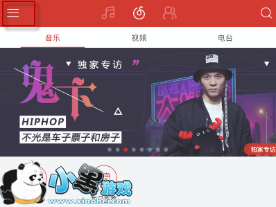 1、我们打开手机网易云音乐,在主页面左上角会看到有一个“三个横杆”图标,点击它。
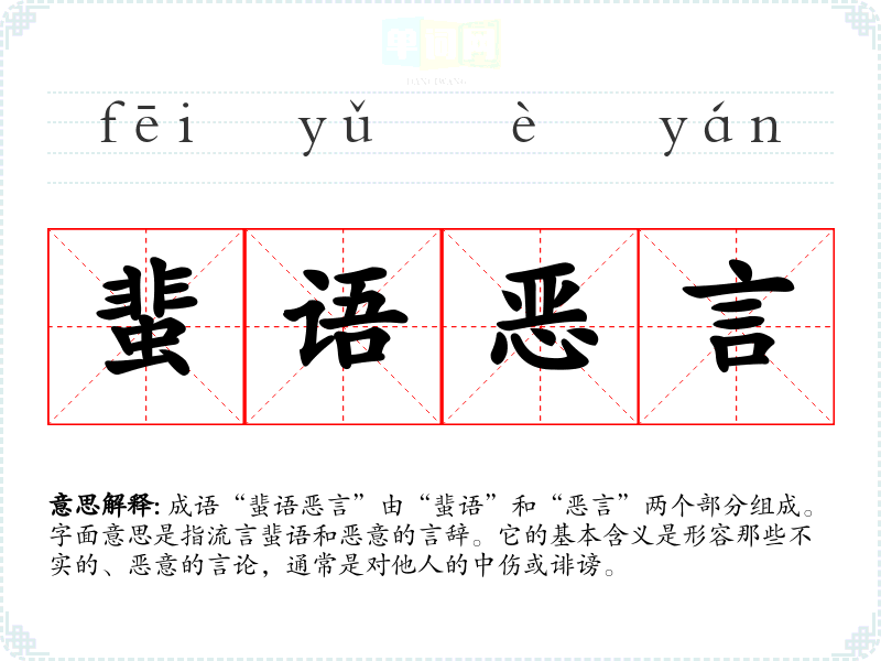 成语“蜚语恶言”由“蜚语”和“恶言”两个部分组成。字面意思是指流言蜚语和恶意的言辞。它的基本含义是形容那些不实的、恶意的言论,通常是对他人的中伤或诽谤。
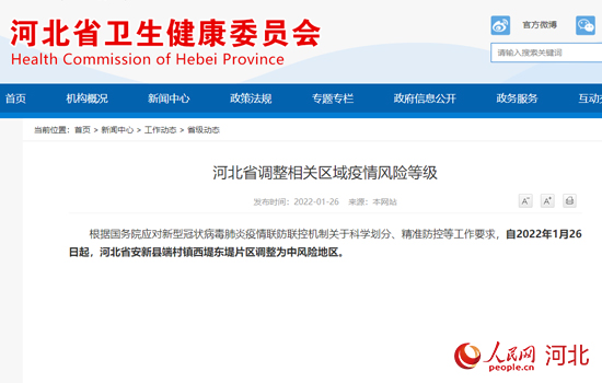 河北省調(diào)整區(qū)域疫情風(fēng)險(xiǎn)等級 安新縣1地為中風(fēng)險(xiǎn)地區(qū)
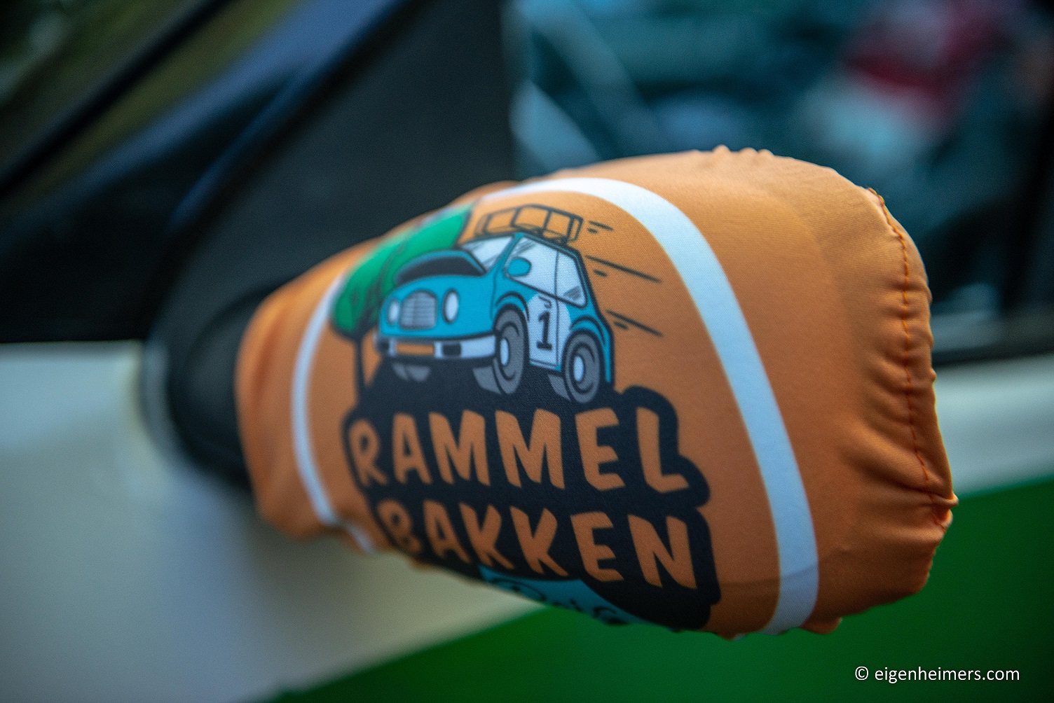 De spiegelhoezen zijn oranje en bedrukt met het logo van de Rammelbakken Reis.
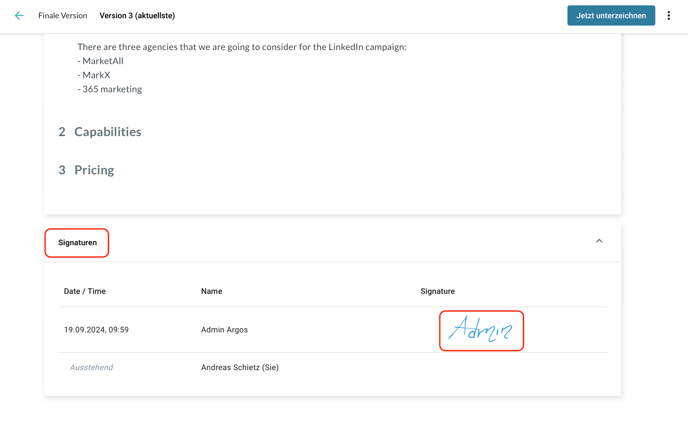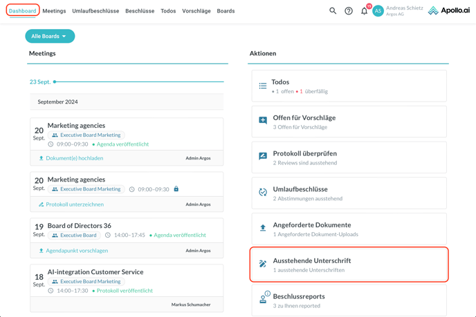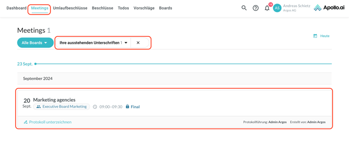 Sie werden zum Tab "Meetings" umgeleitet. Diese sind nach "Ihre ausstehenden Unterschriften" gefiltert. Wählen Sie ein Meeting aus der Liste aus:
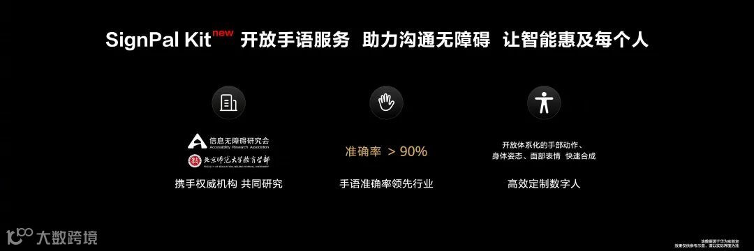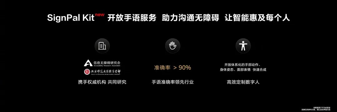 大会过程中还全程有一个手语同传,官方表示这是华为首个AI手语小姐姐,通过数字人进行手语同传直播(大会全程屏幕一角里一直在飞快比划手语),并表示SignPal Kit开放手语服务,融合手语语言学专家知识,实现连贯、自然的手语身体姿态,手语准确率超过90%,让沟通无障碍。

^^^^^^^^^^^^^^^^

Everything in the preceding material must be transcribed exactly, except the images.

* Exercise response
 1、我们打开手机网易云音乐,在主页面左上角会看到有一个“三个横杆”图标,点击它。
 成语“蜚语恶言”由“蜚语”和“恶言”两个部分组成。字面意思是指流言蜚语和恶意的言辞。它的基本含义是形容那些不实的、恶意的言论,通常是对他人的中伤或诽谤。
 河北省調(diào)整區(qū)域疫情風(fēng)險(xiǎn)等級 安新縣1地為中風(fēng)險(xiǎn)地區(qū)
 De spiegelhoezen zijn oranje en bedrukt met het logo van de Rammelbakken Reis.
 Sie werden zum Tab "Meetings" umgeleitet. Diese sind nach "Ihre ausstehenden Unterschriften" gefiltert. Wählen Sie ein Meeting aus der Liste aus:
 大会过程中还全程有一个手语同传,官方表示这是华为首个AI手语小姐姐,通过数字人进行手语同传直播(大会全程屏幕一角里一直在飞快比划手语),并表示SignPal Kit开放手语服务,融合手语语言学专家知识,实现连贯、自然的手语身体姿态,手语准确率超过90%,让沟通无障碍。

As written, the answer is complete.